Depends on: Phase 3 (autopilot) implementation.
Source: Outside voice (eng review, 2026-03-24)
What: hunt.py line 1 uses BASE_DIR = os.path.dirname(os.path.dirname(os.path.abspath(__file__))) which goes 2 levels up. But hunt.py is at repo root, so BASE_DIR points to the parent of the repo — all derived paths (TOOLS_DIR, RECON_DIR, FINDINGS_DIR) resolve to wrong locations.
Why: This is a latent bug — any code path that uses these directories will fail silently or write to unexpected locations.
Pros: Fix is trivial (change to single os.path.dirname). Prevents future confusion when memory/ module imports hunt.py paths.

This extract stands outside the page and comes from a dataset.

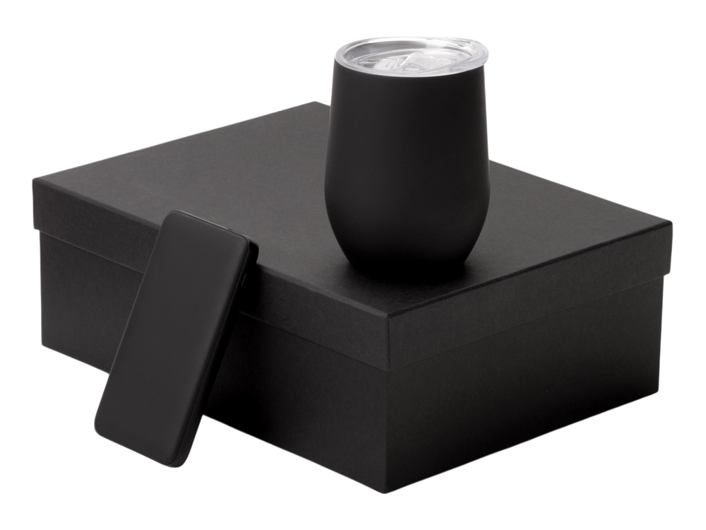 Подарочный набор с термокружкой и повербанком С2, 10000 mAh, черный с логотипом компании - отличный способ заявить вашу корпоративную идентичность.

Cons: None — pure bug fix.
Context: The fix is BASE_DIR = os.path.dirname(os.path.abspath(__file__)). Verify downstream paths (TOOLS_DIR, RECON_DIR, FINDINGS_DIR) still make sense after the fix. This should be fixed before Phase 1 since the memory module may reference these paths.
Depends on: Nothing — standalone fix.
Source: Outside voice (eng review, 2026-03-24)
What: recon_engine.sh writes recon output in a nested directory format (recon/{target}/subdomains.txt, recon/{target}/live-hosts.txt, etc.). The recon-agent.md expects flat files. Two conflicting formats with no adapter.
Why: When the memory system and recon-ranker read recon output, they need one canonical format. If both formats coexist without an adapter, tools will silently miss data or break.
Pros: Single source of truth for recon output. Cleaner integration with recon-ranker and memory.
Cons: Requires either updating recon_engine.sh or writing an adapter layer. Existing users may have recon output in the old format.
Context: Recommended approach: define the canonical format in skills/web2-recon/SKILL.md (the nested directory format from recon_engine.sh is more organized). Add a recon_adapter.py that reads either format and normalizes to canonical. The recon-ranker and memory system import from the adapter, never directly from files.
Depends on: Should be resolved during Phase 1 (before recon-ranker agent is built).